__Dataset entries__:
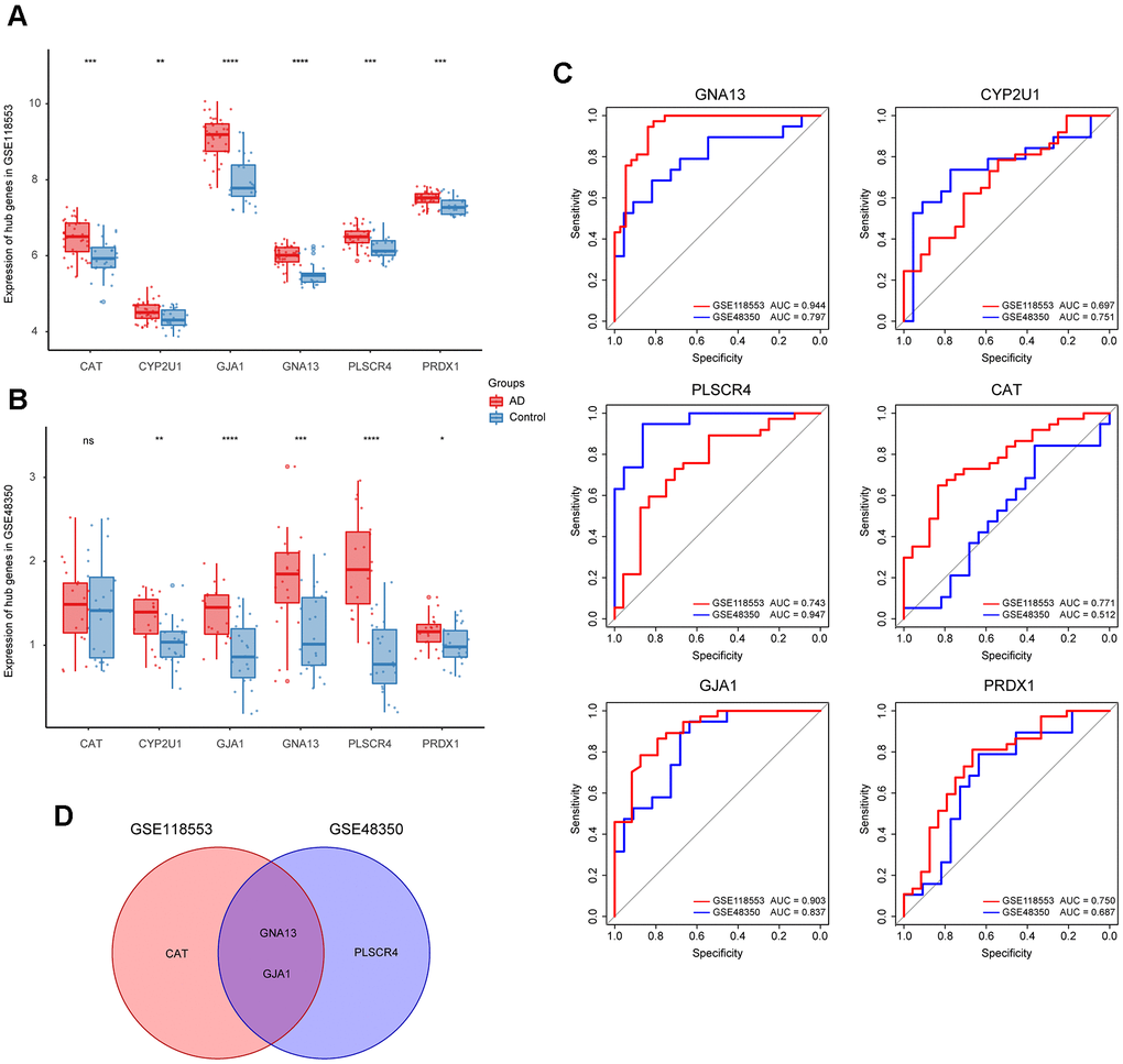 To refine hub genes, we firstly explored the expression levels of those 6 hub genes in GSE118553 and GSE48350 (Figure 3A, 3B). Results showed that all hub genes were differently expressed in AD and control groups except for CAT. Further refinement was conducted through the receiver operating characteristic (ROC) curve analysis based on GSE118553 and GSE48350 (Figure 3C). The top 3 genes with the highest area under curve (AUC) value in each ROC analysis were picked out, and the intersecting genes were selected. As a result, GNA13 and GJA1 were identified as refined hub genes of the target module (Figure 3D).
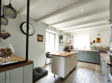 La pièce de vie s’ouvre naturellement, fluide et conviviale, autour d’une cuisine élégamment aménagée et équipée, pensée comme le cœur de la maison.
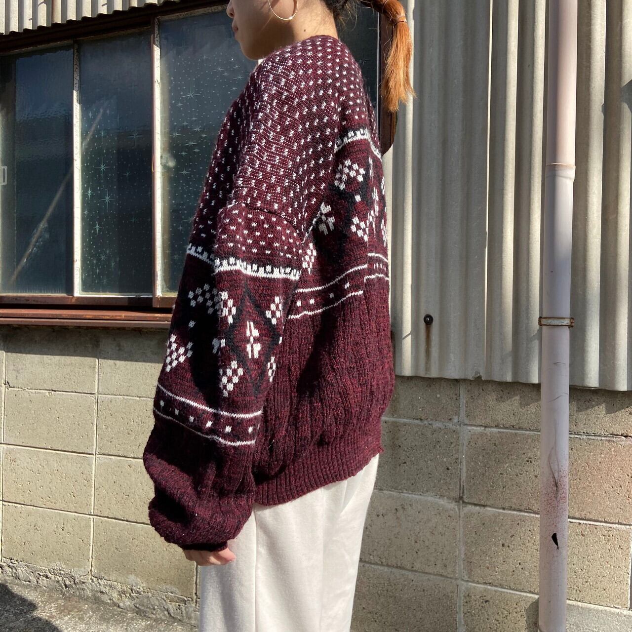 HARDWOOD&PINE 総柄 アクリル ニットセーター メンズXL レディース2XL 古着 えんじ レッド 赤【ニットセーター】‐2
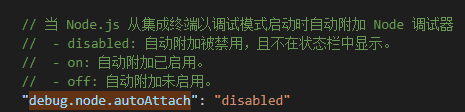 打开用户设置,修改 "debug.node.autoattach": "on" ,开启自动附加
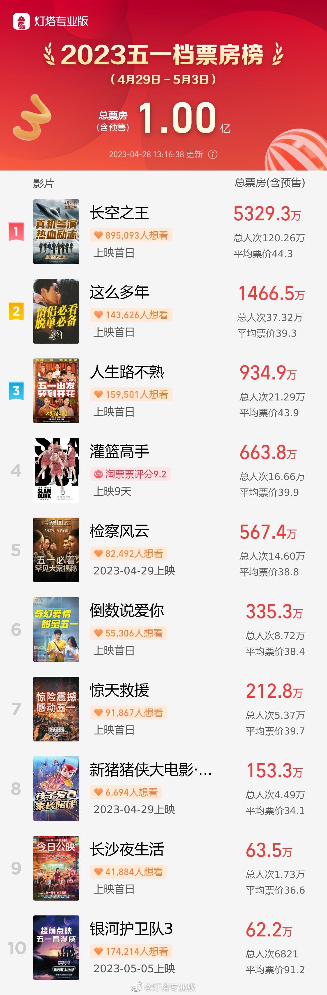 新京报讯 据灯塔专业版实时数据,截至4月28日13时16分,2023年五一档(4月29日至5月3日)档期预售总票房突破1亿,《长空之王》《这么多年》《人生路不熟》位列票房榜前三。
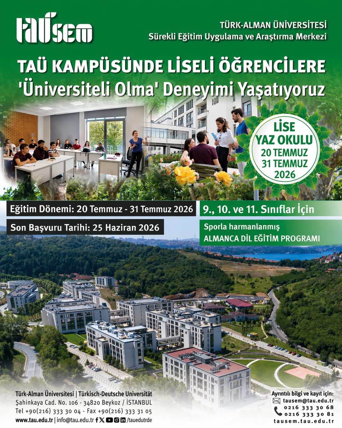 Seviye Belirleme Sınav Dönemi: 26-30 Haziran 2026 (Belirtilen tarih aralığında online olarak uygulanacaktır.)EĞİTİM YERİTürk-Alman Üniversitesi, İstanbul Beykoz Kampüsü
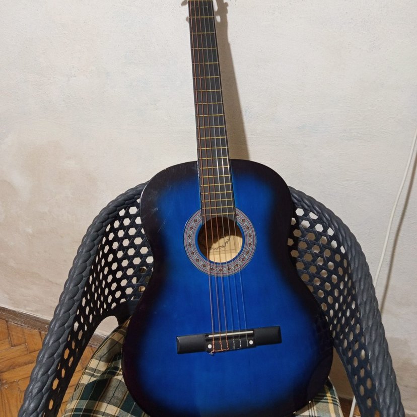 Koyu mavi renkte, altı telli klasik gitar, zengin akustik tonlar için uygun ahşap gövdeye sahiptir. Çizikleri mevcut. Görüntülerini ekledim onun dışında bir sorunu yok... 4*4 boy. Penası mevcut...
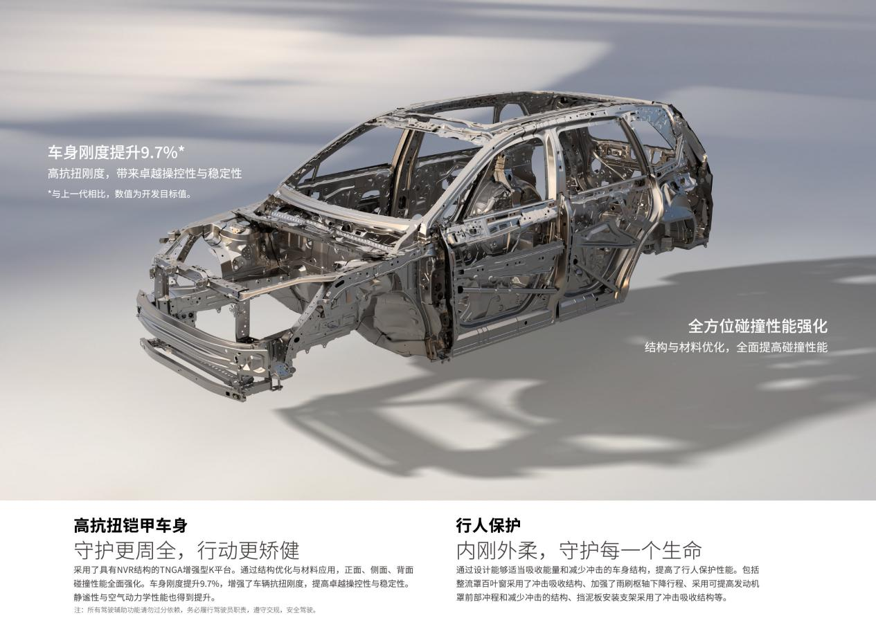 高品质,是守护底线的偏执。以全新第六代荣放为例,其白车身80%经过了重新设计,A/B柱采用了1470兆帕的超高强度钢。这些数据消费者看不见,摸不着,但在每一次意外发生前的极限避险中,在历经十年颠簸后车身依然紧致如初的体感里,大厂的良心会自己说话。这份品质,不是为了应付碰撞测试的应试教育,而是对千万家庭身家性命的敬畏。
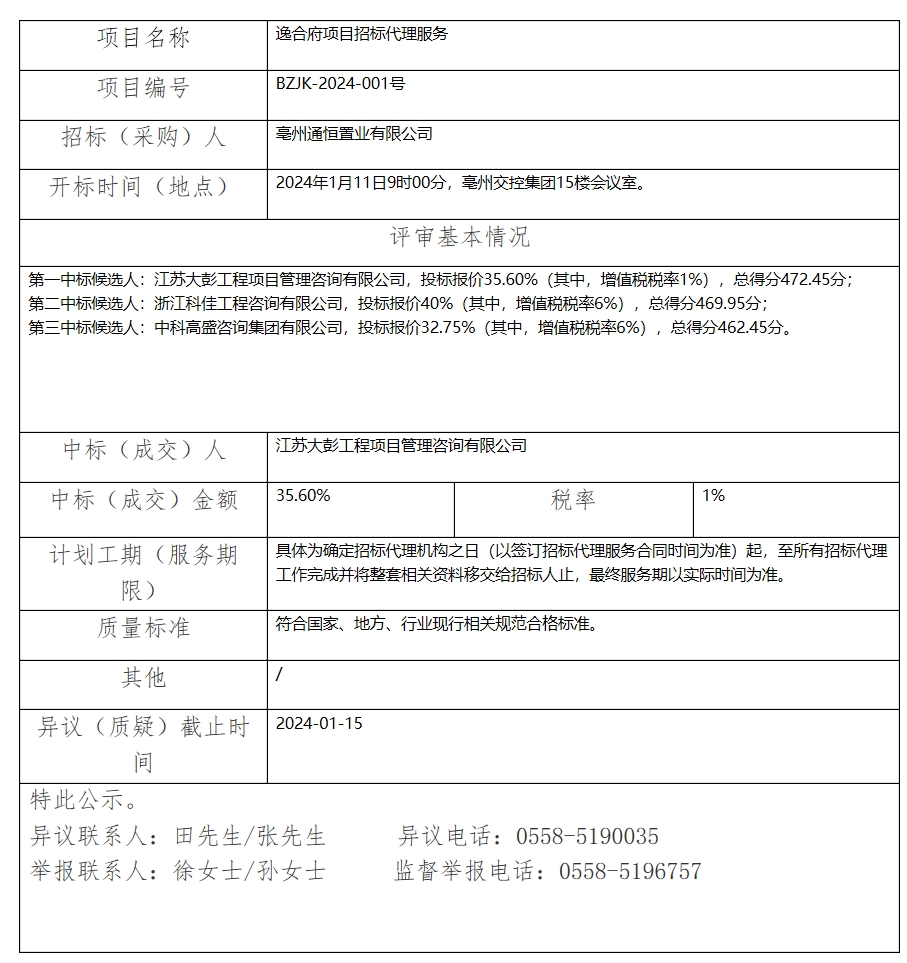 逸合府項目招標(biāo)代理服務(wù)中標(biāo)(成交)結(jié)果公示
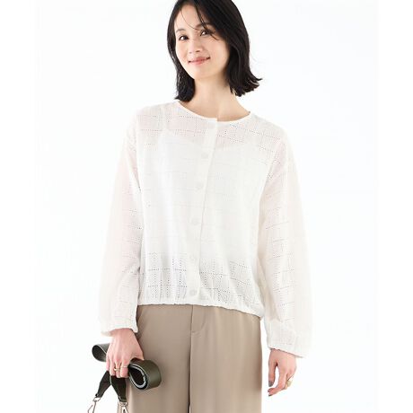 格子柄の刺しゅうが表情豊かな印象を与えるブルゾン
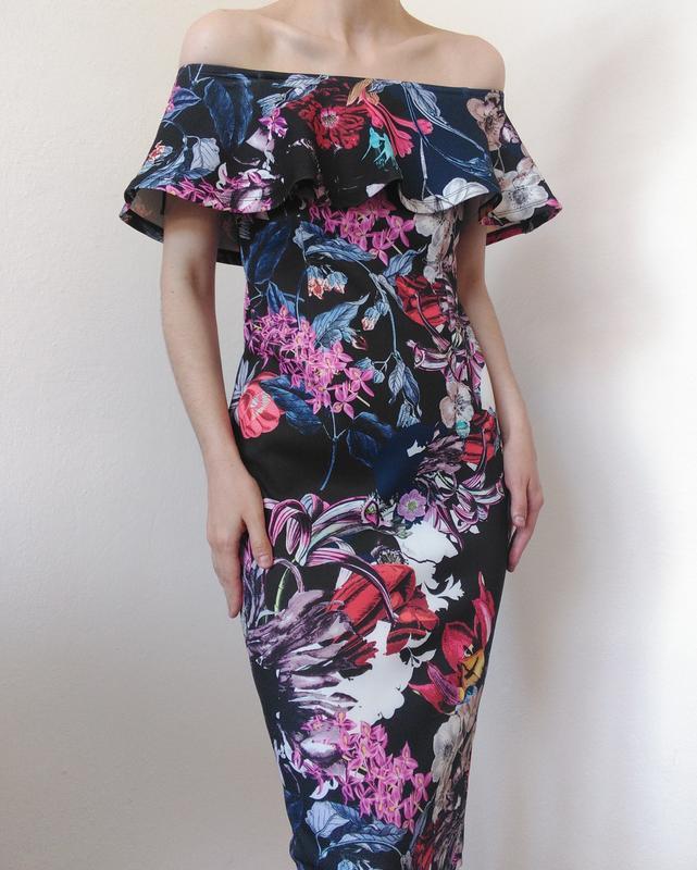 Красивое платье Papaya с воланами Новое эффектное платье с открытыми плечами миди. Отлично садится по фигуре и подчеркивает ее. Ткань плотная, не просвечивает, немного тянется. Состояние новой, с биркой. Размер M (одет на s) Замеры: ПОГ - 43 см, ПОБ - 46 см, длина - 98 см Отправка после 100% ПЕРЕДОПЛАТЫ По Новой почте Укр-почтой Возвращение обмена отсутствует
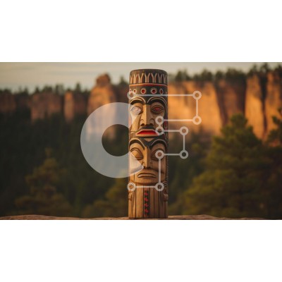 Υπάρχει δυνατότητα προσωποποίησης με δική σας φωτογραφία και προσαρμογής διαστάσεων κατόπιν παραγγελίας. Το συγεκεριμενο puzzle παρουσιαζει Αυτή η εικόνα παρουσιάζει ένα παραδοσιακό κοντάρι τοτέμ από ξύλο και στολισμένο με ένα ιθαγενές πρόσωπο. Τοποθετείται στην κορυφή βράχων στο πρώτο πλάνο, υποδηλώνοντας σκόπιμη τοποθέτηση. Το φόντο παρουσιάζει πολλά δέντρα, υπονοώντας την παρουσία φυσικού τοπίου. Ένα μοναδικό
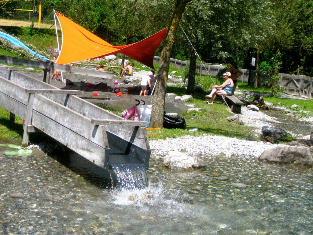 Die Kinder haben viel Spaß im Kindererlebnisbereich mit der Wasserrinne und dem Sandbereich
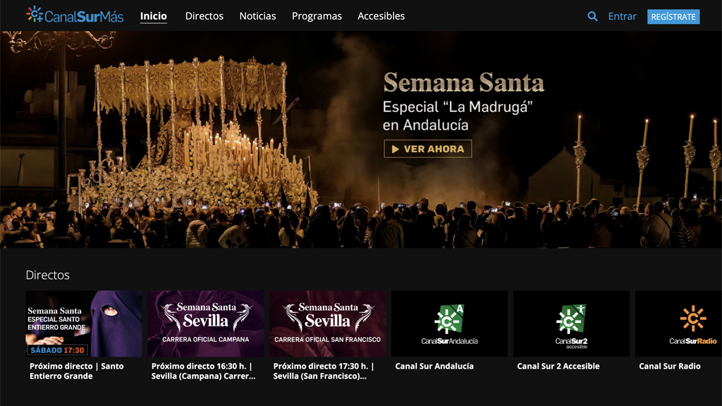 De forma paralela desde CanalSur Más se incluyen las retransmisiones especiales que forman parte de la cobertura lineal ya anunciada de televisión y radio y se pone a disposición de los usuarios una selección de retransmisiones históricas de la Semana Santa de Andalucía, saetas, conciertos, documentales, los videos de las leyendas de la Semana Santa de Andalucía desarrollados con IA... en definitiva una recopilación imprescindible para los cofrades.
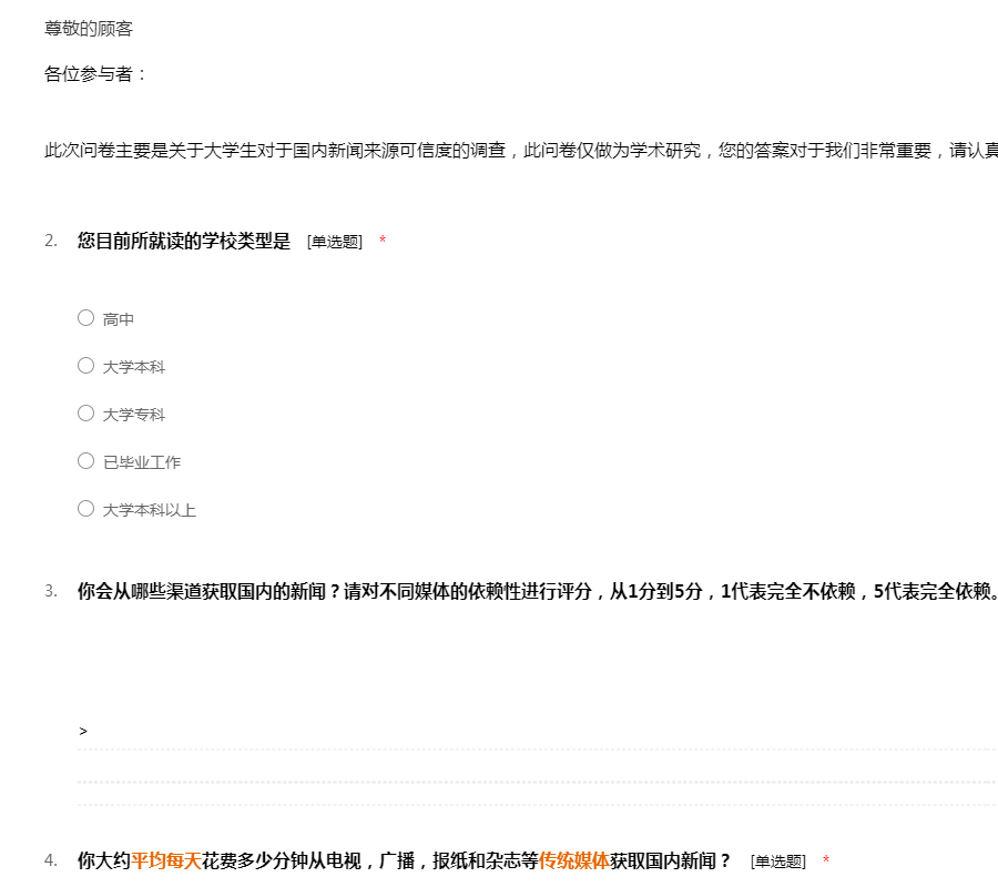 各位参与者: 此次问卷主要是关于大学生对于国内新闻来源可信度的调查,此问卷仅做为学术研究,您的答案对于我们非常重要,请认真填写。非常感谢您的参与!
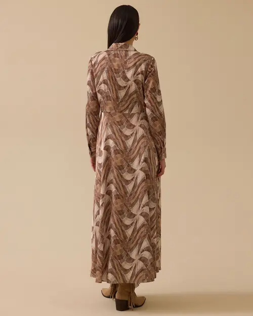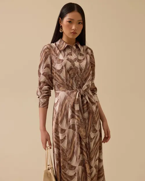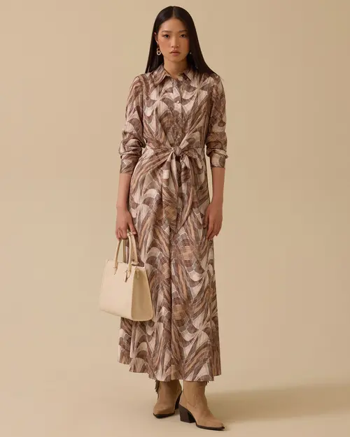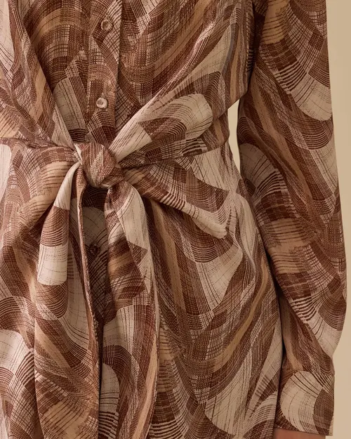 Desenli Bağlama Detaylı Düğmeli Elbise, şık desenleri, ön düğme kapaması ve beldeki bağlama detayıyla zarif ve modern bir stil sunar.
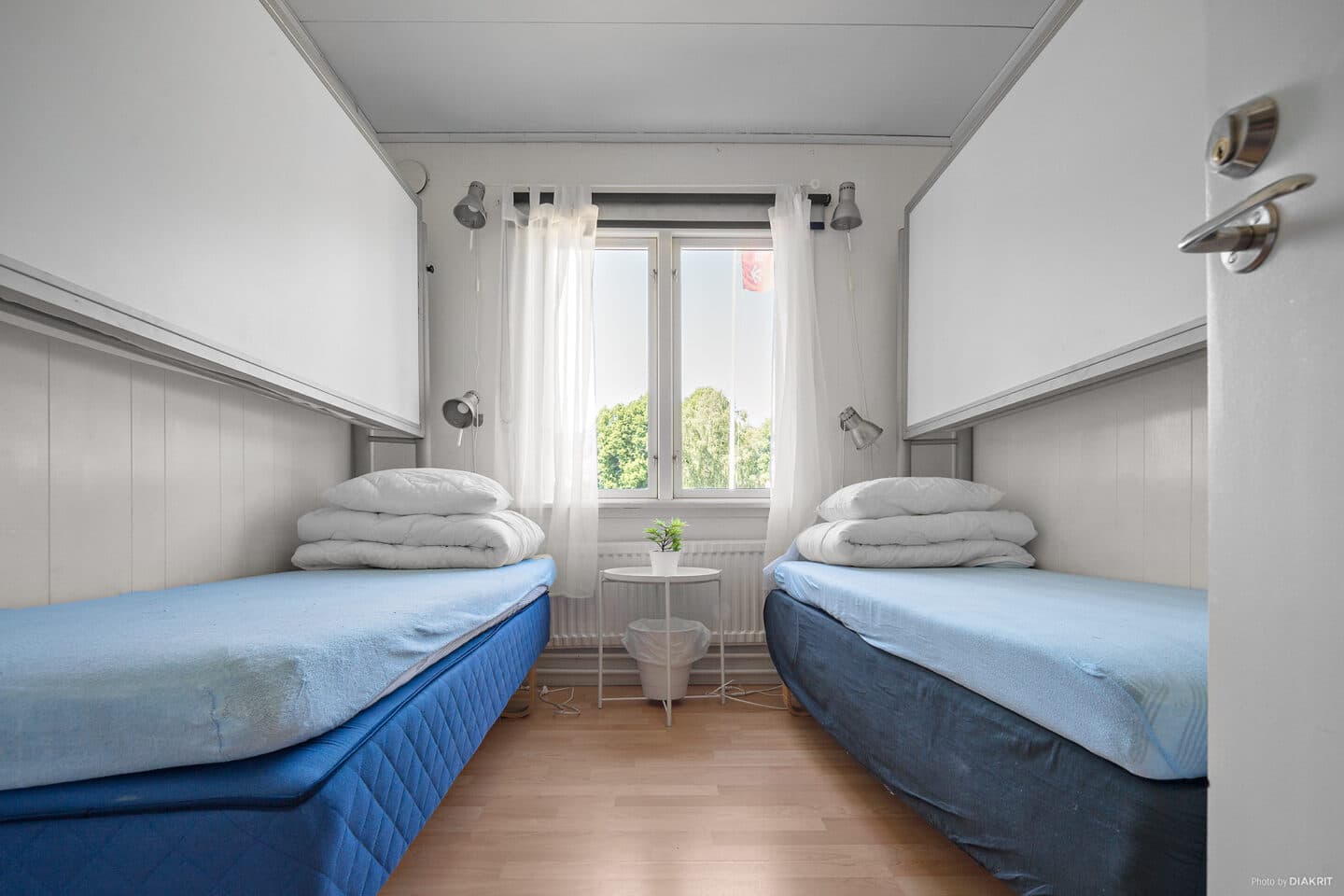 Rum för upp till fyra personer. I rummen finns enkelsängar där de två översta sängarna är väggfasta och går att fälla upp mot väggen.

__What is being asked__:
Without any pictures, please reproduce the full set of entries.

__Output__:
 To refine hub genes, we firstly explored the expression levels of those 6 hub genes in GSE118553 and GSE48350 (Figure 3A, 3B). Results showed that all hub genes were differently expressed in AD and control groups except for CAT. Further refinement was conducted through the receiver operating characteristic (ROC) curve analysis based on GSE118553 and GSE48350 (Figure 3C). The top 3 genes with the highest area under curve (AUC) value in each ROC analysis were picked out, and the intersecting genes were selected. As a result, GNA13 and GJA1 were identified as refined hub genes of the target module (Figure 3D).
 La pièce de vie s’ouvre naturellement, fluide et conviviale, autour d’une cuisine élégamment aménagée et équipée, pensée comme le cœur de la maison.
 HARDWOOD&PINE 総柄 アクリル ニットセーター メンズXL レディース2XL 古着 えんじ レッド 赤【ニットセーター】‐2
 打开用户设置,修改 "debug.node.autoattach": "on" ,开启自动附加
 新京报讯 据灯塔专业版实时数据,截至4月28日13时16分,2023年五一档(4月29日至5月3日)档期预售总票房突破1亿,《长空之王》《这么多年》《人生路不熟》位列票房榜前三。
 Seviye Belirleme Sınav Dönemi: 26-30 Haziran 2026 (Belirtilen tarih aralığında online olarak uygulanacaktır.)EĞİTİM YERİTürk-Alman Üniversitesi, İstanbul Beykoz Kampüsü
 Koyu mavi renkte, altı telli klasik gitar, zengin akustik tonlar için uygun ahşap gövdeye sahiptir. Çizikleri mevcut. Görüntülerini ekledim onun dışında bir sorunu yok... 4*4 boy. Penası mevcut...
 高品质,是守护底线的偏执。以全新第六代荣放为例,其白车身80%经过了重新设计,A/B柱采用了1470兆帕的超高强度钢。这些数据消费者看不见,摸不着,但在每一次意外发生前的极限避险中,在历经十年颠簸后车身依然紧致如初的体感里,大厂的良心会自己说话。这份品质,不是为了应付碰撞测试的应试教育,而是对千万家庭身家性命的敬畏。
 逸合府項目招標(biāo)代理服務(wù)中標(biāo)(成交)結(jié)果公示
 格子柄の刺しゅうが表情豊かな印象を与えるブルゾン
 Красивое платье Papaya с воланами Новое эффектное платье с открытыми плечами миди. Отлично садится по фигуре и подчеркивает ее. Ткань плотная, не просвечивает, немного тянется. Состояние новой, с биркой. Размер M (одет на s) Замеры: ПОГ - 43 см, ПОБ - 46 см, длина - 98 см Отправка после 100% ПЕРЕДОПЛАТЫ По Новой почте Укр-почтой Возвращение обмена отсутствует
 Υπάρχει δυνατότητα προσωποποίησης με δική σας φωτογραφία και προσαρμογής διαστάσεων κατόπιν παραγγελίας. Το συγεκεριμενο puzzle παρουσιαζει Αυτή η εικόνα παρουσιάζει ένα παραδοσιακό κοντάρι τοτέμ από ξύλο και στολισμένο με ένα ιθαγενές πρόσωπο. Τοποθετείται στην κορυφή βράχων στο πρώτο πλάνο, υποδηλώνοντας σκόπιμη τοποθέτηση. Το φόντο παρουσιάζει πολλά δέντρα, υπονοώντας την παρουσία φυσικού τοπίου. Ένα μοναδικό
 Die Kinder haben viel Spaß im Kindererlebnisbereich mit der Wasserrinne und dem Sandbereich
 De forma paralela desde CanalSur Más se incluyen las retransmisiones especiales que forman parte de la cobertura lineal ya anunciada de televisión y radio y se pone a disposición de los usuarios una selección de retransmisiones históricas de la Semana Santa de Andalucía, saetas, conciertos, documentales, los videos de las leyendas de la Semana Santa de Andalucía desarrollados con IA... en definitiva una recopilación imprescindible para los cofrades.
 各位参与者: 此次问卷主要是关于大学生对于国内新闻来源可信度的调查,此问卷仅做为学术研究,您的答案对于我们非常重要,请认真填写。非常感谢您的参与!
 Desenli Bağlama Detaylı Düğmeli Elbise, şık desenleri, ön düğme kapaması ve beldeki bağlama detayıyla zarif ve modern bir stil sunar.
 Rum för upp till fyra personer. I rummen finns enkelsängar där de två översta sängarna är väggfasta och går att fälla upp mot väggen.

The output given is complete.